*** Begin section ***
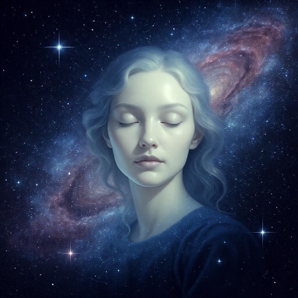 Porcelain complexion framed by the vastness of a starry cosmos, evoking a mystical ambience with intricate detail, high-definition wonderment and ethereal charm.
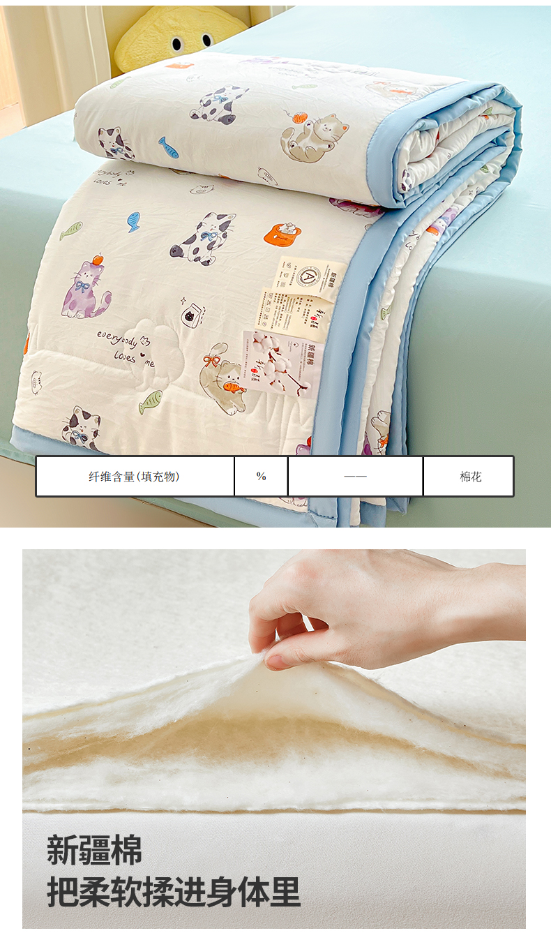 商品名称: 2025新款A类新疆棉花夏凉被加宽包边水洗棉卡通印花吸湿透气棉花夏被空调被 凌香 许愿猫
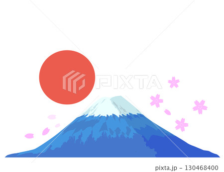 富士山與冉冉升起的太陽和櫻花翩翩起舞的插圖
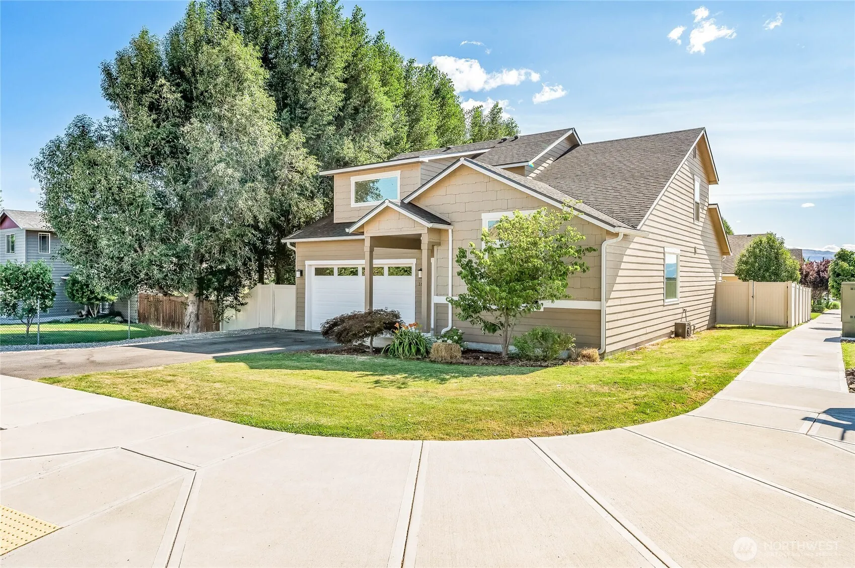 Nestled on a quiet corner lot in Wenatchee’s coveted south end, this 4-bed, 2.5-bath home offers 2,213 sq ft of light-filled living space. Vaulted ceilings, large windows, and an open-concept layout create an airy feel throughout. The kitchen features granite counters, stainless steel appliances, and a spacious island—perfect for entertaining. The main-level primary suite adds comfort and convenience. Cozy up by the fireplace or relax on the patio with views of surrounding hills. Built in 2017 and move-in ready with a fully fenced backyard and 2-car garage.
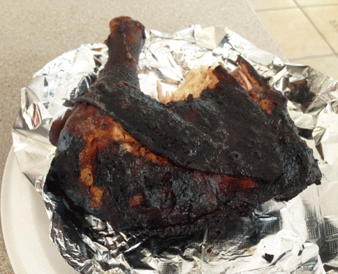 09 April 2014: The very last item on the menu I had from Back-Sass was the chicken. True to form, it’s very clucking good. The chicken is available as a sandwich or you can opt for a half-chicken (thigh and leg). Any way you have it will become your instant favorite. As with all meats smoked by Gina, the chicken is moist, tender and redolent with apple wood smokiness. The half chicken has a wonderful crust which, at first glance, may appear to be on the burnt side, but that patina comes from the marinade she uses on her beer can chicken recipe. That crust is poultry’s answer to pork skin and is absolutely delicious.
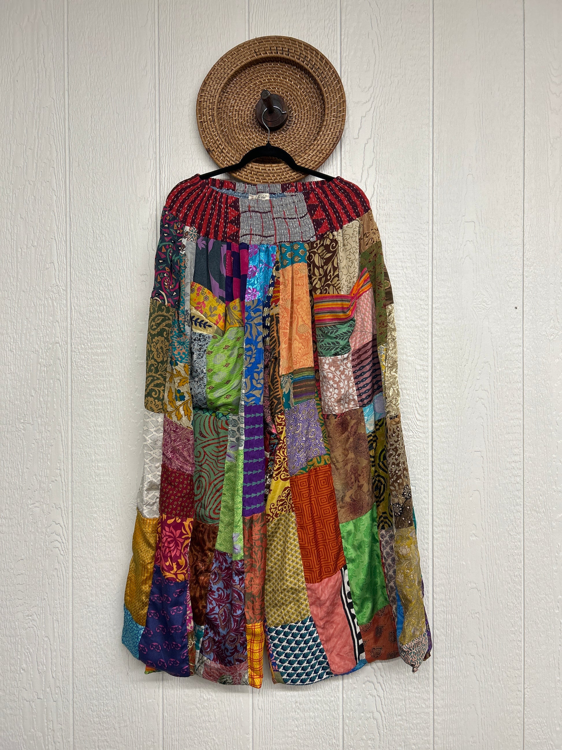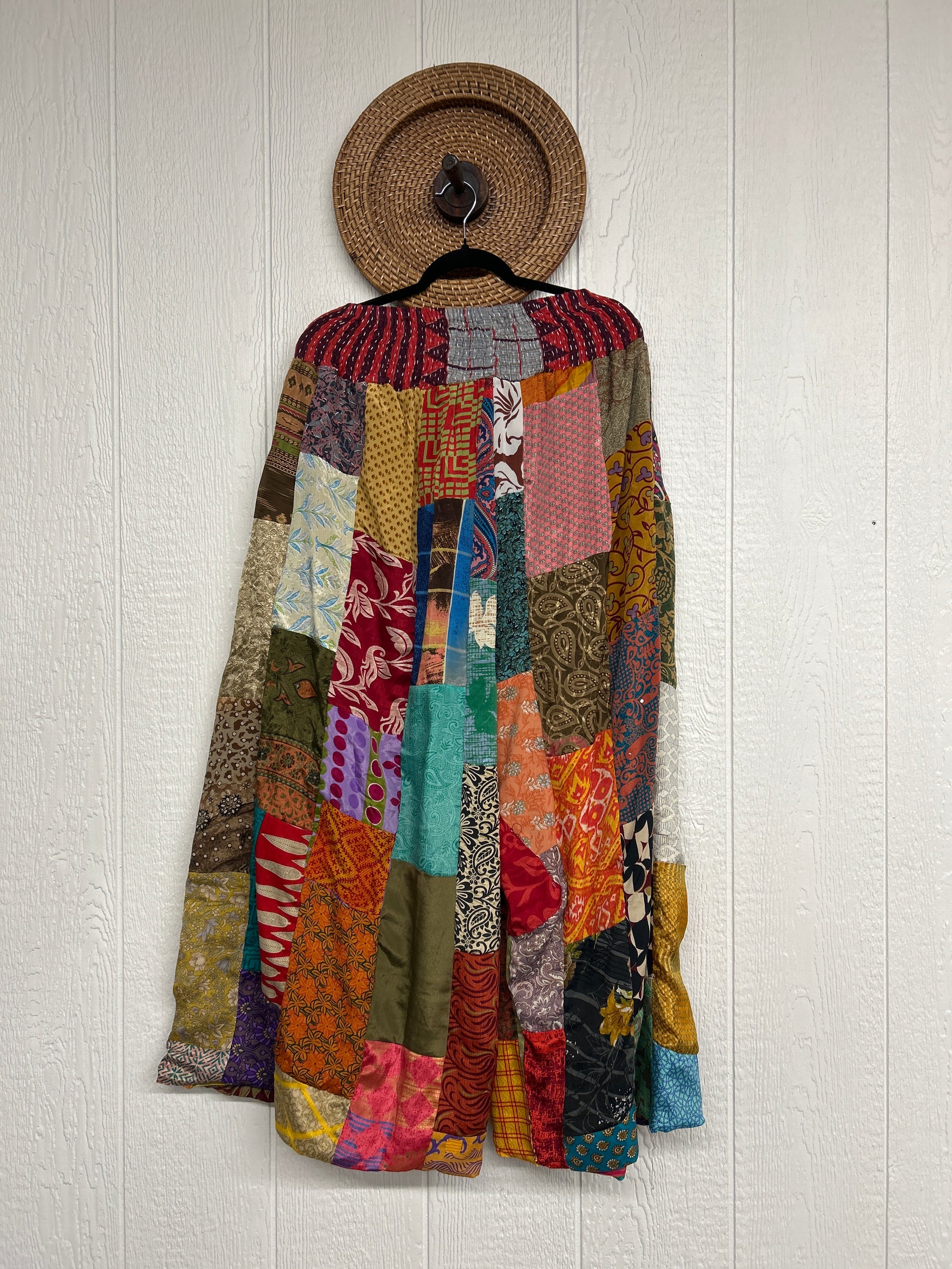 Features super wide legs that make your pants dance when you walk. Front slouchy pockets are deep enough to fill with your treasures. Vintage Rasgulla and Crepe Sari make up the beautiful patchwork featured on the outside with vintage cotton sari lining on the inside. Fully reversible and free size in all the ways!
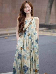水墨画背心裙【单裙】【清冷松弛感穿搭/早秋装搭配一整套2024韩剧女主穿搭/梨型身材穿搭/茶系一整套
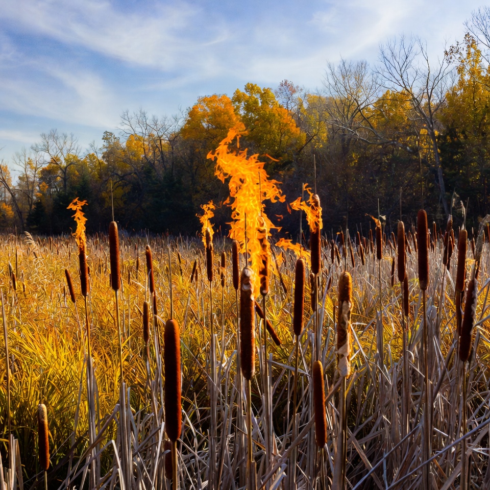autumn, bright, brown, burning, cattails, field, fire, flames, foliage, grass, landscape, nature, orange, outdoors, plants, rural, scene, sky, trees, wildlife
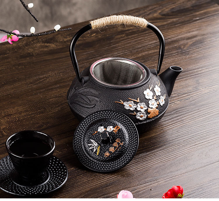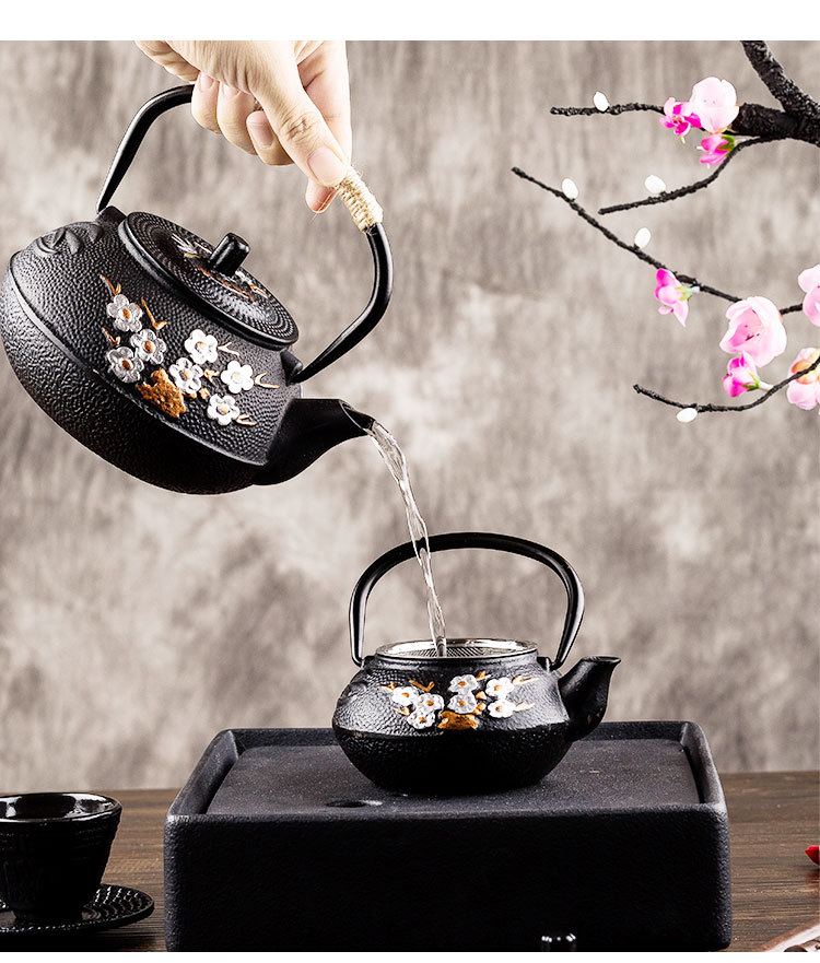 Japanese iron teapot with flower pattern.
*** End section ***
» **Task objective**: Could you copy out every record exactly, minus the pictures?

» **Result for this task**:
 Porcelain complexion framed by the vastness of a starry cosmos, evoking a mystical ambience with intricate detail, high-definition wonderment and ethereal charm.
 商品名称: 2025新款A类新疆棉花夏凉被加宽包边水洗棉卡通印花吸湿透气棉花夏被空调被 凌香 许愿猫
 富士山與冉冉升起的太陽和櫻花翩翩起舞的插圖
 Nestled on a quiet corner lot in Wenatchee’s coveted south end, this 4-bed, 2.5-bath home offers 2,213 sq ft of light-filled living space. Vaulted ceilings, large windows, and an open-concept layout create an airy feel throughout. The kitchen features granite counters, stainless steel appliances, and a spacious island—perfect for entertaining. The main-level primary suite adds comfort and convenience. Cozy up by the fireplace or relax on the patio with views of surrounding hills. Built in 2017 and move-in ready with a fully fenced backyard and 2-car garage.
 09 April 2014: The very last item on the menu I had from Back-Sass was the chicken. True to form, it’s very clucking good. The chicken is available as a sandwich or you can opt for a half-chicken (thigh and leg). Any way you have it will become your instant favorite. As with all meats smoked by Gina, the chicken is moist, tender and redolent with apple wood smokiness. The half chicken has a wonderful crust which, at first glance, may appear to be on the burnt side, but that patina comes from the marinade she uses on her beer can chicken recipe. That crust is poultry’s answer to pork skin and is absolutely delicious.
 Features super wide legs that make your pants dance when you walk. Front slouchy pockets are deep enough to fill with your treasures. Vintage Rasgulla and Crepe Sari make up the beautiful patchwork featured on the outside with vintage cotton sari lining on the inside. Fully reversible and free size in all the ways!
水墨画背心裙【单裙】【清冷松弛感穿搭/早秋装搭配一整套2024韩剧女主穿搭/梨型身材穿搭/茶系一整套
autumn, bright, brown, burning, cattails, field, fire, flames, foliage, grass, landscape, nature, orange, outdoors, plants, rural, scene, sky, trees, wildlife
 Japanese iron teapot with flower pattern.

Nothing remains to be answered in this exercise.